** What you have to do **
Taking the entries below, transcribe only the lines starting with the one with "भादवा वाली गांव" and going on through the one with "(伊豆日日新聞 2018年2月20日に掲載されました)", exactly as written, without the pictures.

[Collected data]
::::::

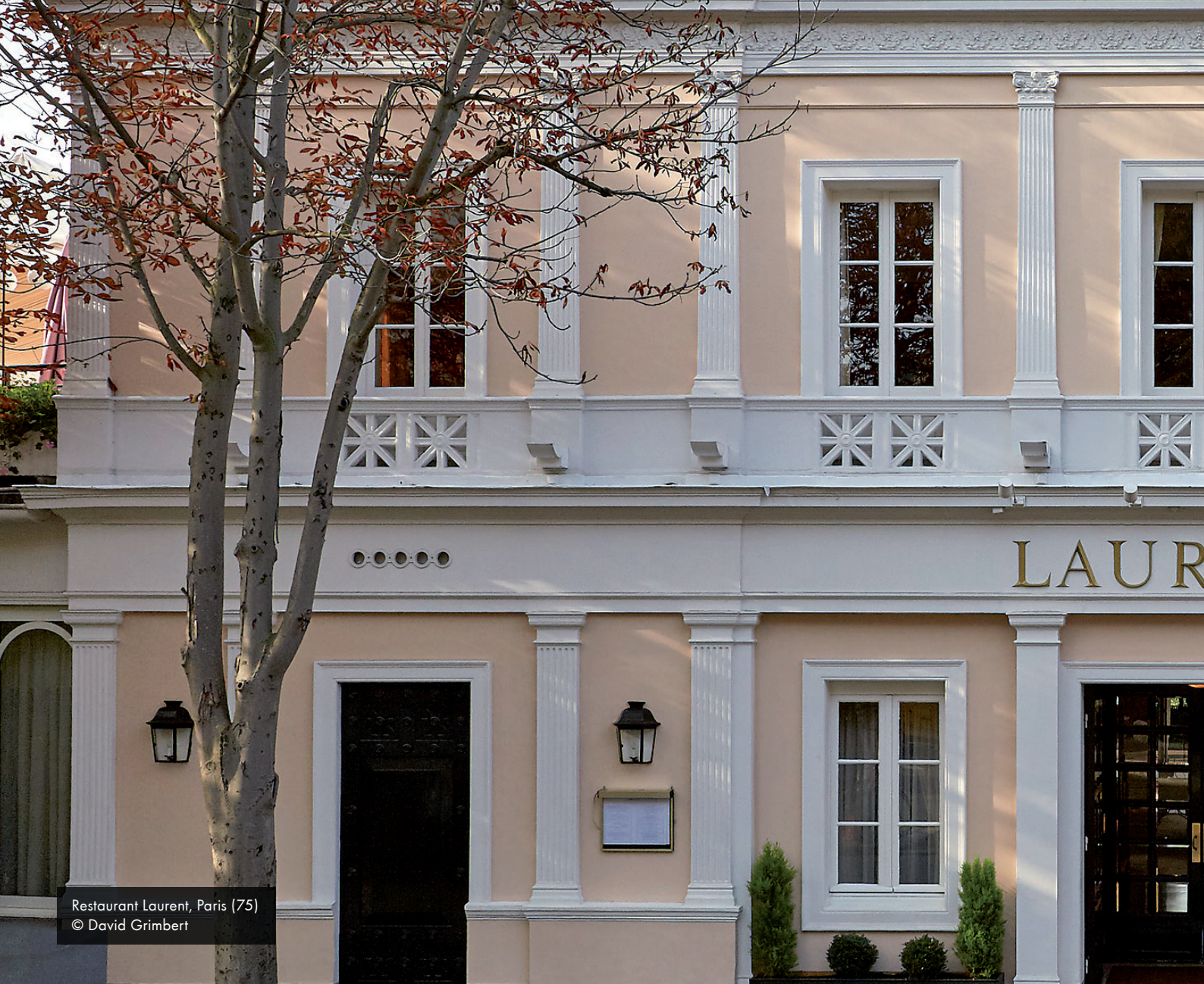
Restaurant Laurent, Paris (75)
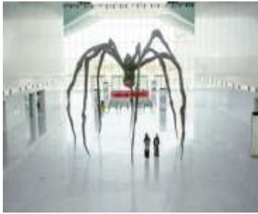
الشكل رقم (٣) صورة لتمثال 'مامان'، العنكبوت الهائل
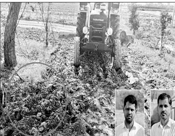
भादवा वाली गांव के खेत में पड़े बिजली का तार हटाने के लिए ट्रैक्टर से एक भाई नीचे उतरा तो करंट की चपेट में आ गए।

थाना चूनावढ़ की मौत हो गई। घटना के सूचना मिलने पर चूनावढ़ पुलिस पोस्टमार्टम करवाकर शव परिजनों को थाना के एएसओ राजीव रूयल से सौंप दिया। घटना का पता चलते ही गांव पुलिस जाब्ले के साथ मौके पहुंचे और घटना स्थल का मौका मुआयना कर शवों को जिला अस्पताल की मोर्चरी में
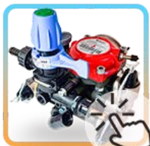
Comprar bombas Membranas
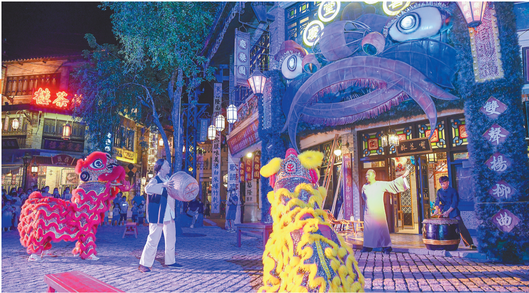
去年十月二日,户外实景演艺《南洋往事》前奏版在海口公演。
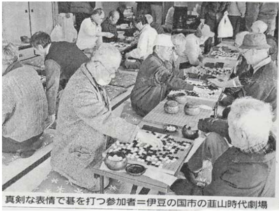
(伊豆日日新聞 2018年2月20日に掲載されました)
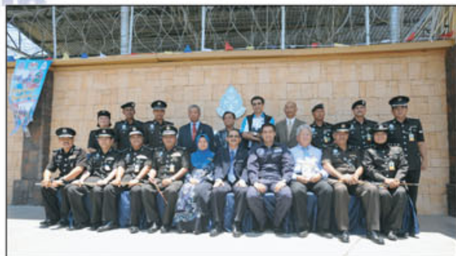
Bergambar kenangan sebelum pulang

Kemudahan perpustakaan yang disediakan telah membantu pelajar mengulangkaji pelajaran sekaligus menyumbang kepada peningkatan pencapaian akademik pelajar di penjara. Keputusan SPM bagi tahun 2011 mencatatkan daripada seramai 108 orang yang menduduki peperiksaan, 100 orang telah lulus dengan peratusan 91.67%. Gred purata sekolah ialah 4.47%, lebih baik daripada purata kebangsaan iaitu 5.04%. Pada tahun ini 13 mata pelajaran telah mencatat kelulusan melebihi 80%. Antara pencapaian cemerlang pada tahun ini seorang pelajar telah mendapat 9A, 3 orang mendapat 6A dan 2 orang telah mendapat keputusan 5A. Seorang pelajar Sekolah Integriti Kajang telah menjadi salah seorang pelajar terbaik SPM peringkat negeri Selangor.

::::::

** Task result **
भादवा वाली गांव के खेत में पड़े बिजली का तार हटाने के लिए ट्रैक्टर से एक भाई नीचे उतरा तो करंट की चपेट में आ गए।

थाना चूनावढ़ की मौत हो गई। घटना के सूचना मिलने पर चूनावढ़ पुलिस पोस्टमार्टम करवाकर शव परिजनों को थाना के एएसओ राजीव रूयल से सौंप दिया। घटना का पता चलते ही गांव पुलिस जाब्ले के साथ मौके पहुंचे और घटना स्थल का मौका मुआयना कर शवों को जिला अस्पताल की मोर्चरी में
Comprar bombas Membranas
去年十月二日,户外实景演艺《南洋往事》前奏版在海口公演。
(伊豆日日新聞 2018年2月20日に掲載されました)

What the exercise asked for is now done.